:: Data ::

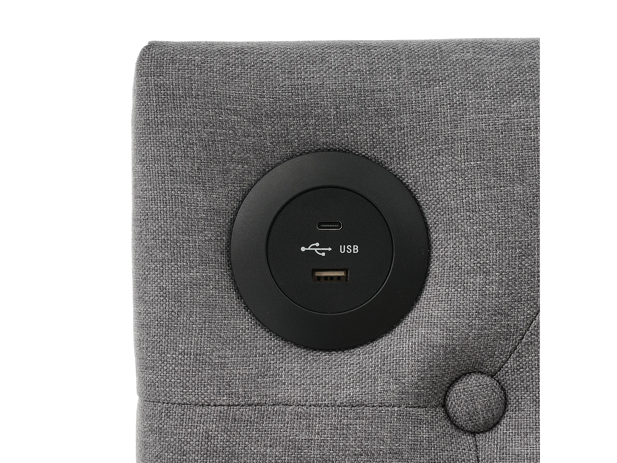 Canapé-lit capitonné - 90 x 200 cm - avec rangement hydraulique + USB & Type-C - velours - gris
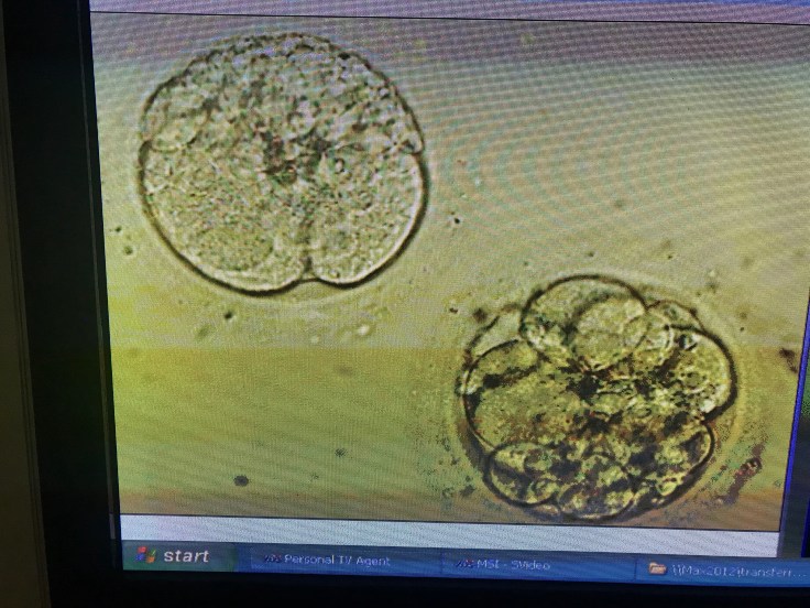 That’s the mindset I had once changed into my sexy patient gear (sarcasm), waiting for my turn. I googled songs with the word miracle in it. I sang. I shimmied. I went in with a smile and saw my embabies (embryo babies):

:::
:: Data ::

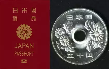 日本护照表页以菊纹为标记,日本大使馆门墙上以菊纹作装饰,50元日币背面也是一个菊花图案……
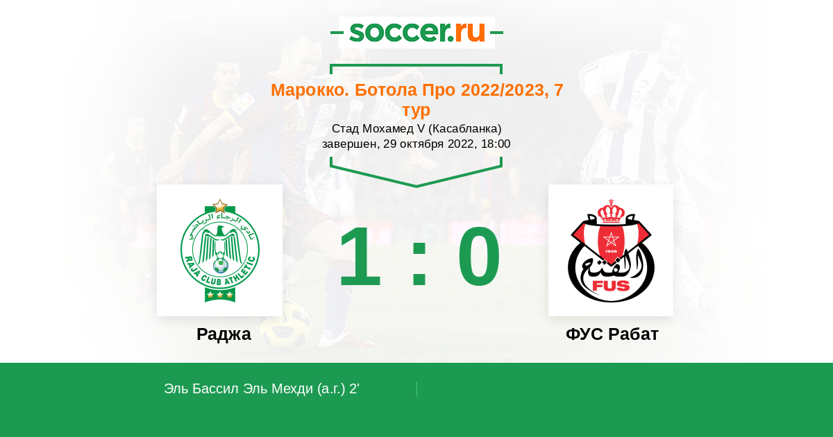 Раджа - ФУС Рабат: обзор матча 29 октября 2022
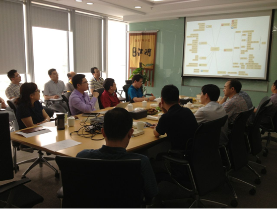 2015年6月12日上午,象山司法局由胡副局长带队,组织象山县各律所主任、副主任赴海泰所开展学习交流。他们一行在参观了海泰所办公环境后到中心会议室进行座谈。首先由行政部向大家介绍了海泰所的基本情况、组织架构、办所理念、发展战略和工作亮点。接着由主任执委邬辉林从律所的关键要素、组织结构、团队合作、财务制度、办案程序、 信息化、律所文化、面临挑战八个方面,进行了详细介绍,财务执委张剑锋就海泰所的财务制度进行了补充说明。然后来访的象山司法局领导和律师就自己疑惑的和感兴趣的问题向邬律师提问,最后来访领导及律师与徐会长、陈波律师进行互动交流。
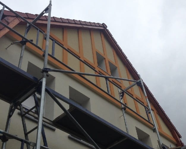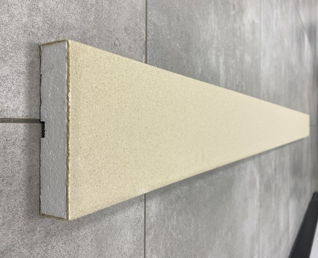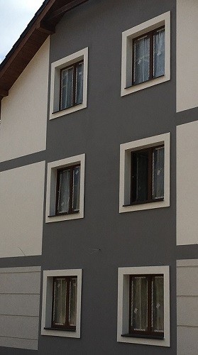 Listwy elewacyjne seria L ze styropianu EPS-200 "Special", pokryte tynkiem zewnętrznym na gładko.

:::

Work request | When you reach the line containing "Canapé-lit capitonné - 90" in the entries above, begin restating word for word, and stop once the line containing "That’s the mindset" has been given. Omit the pictures.

Result for this exercise |
 Canapé-lit capitonné - 90 x 200 cm - avec rangement hydraulique + USB & Type-C - velours - gris
 That’s the mindset I had once changed into my sexy patient gear (sarcasm), waiting for my turn. I googled songs with the word miracle in it. I sang. I shimmied. I went in with a smile and saw my embabies (embryo babies):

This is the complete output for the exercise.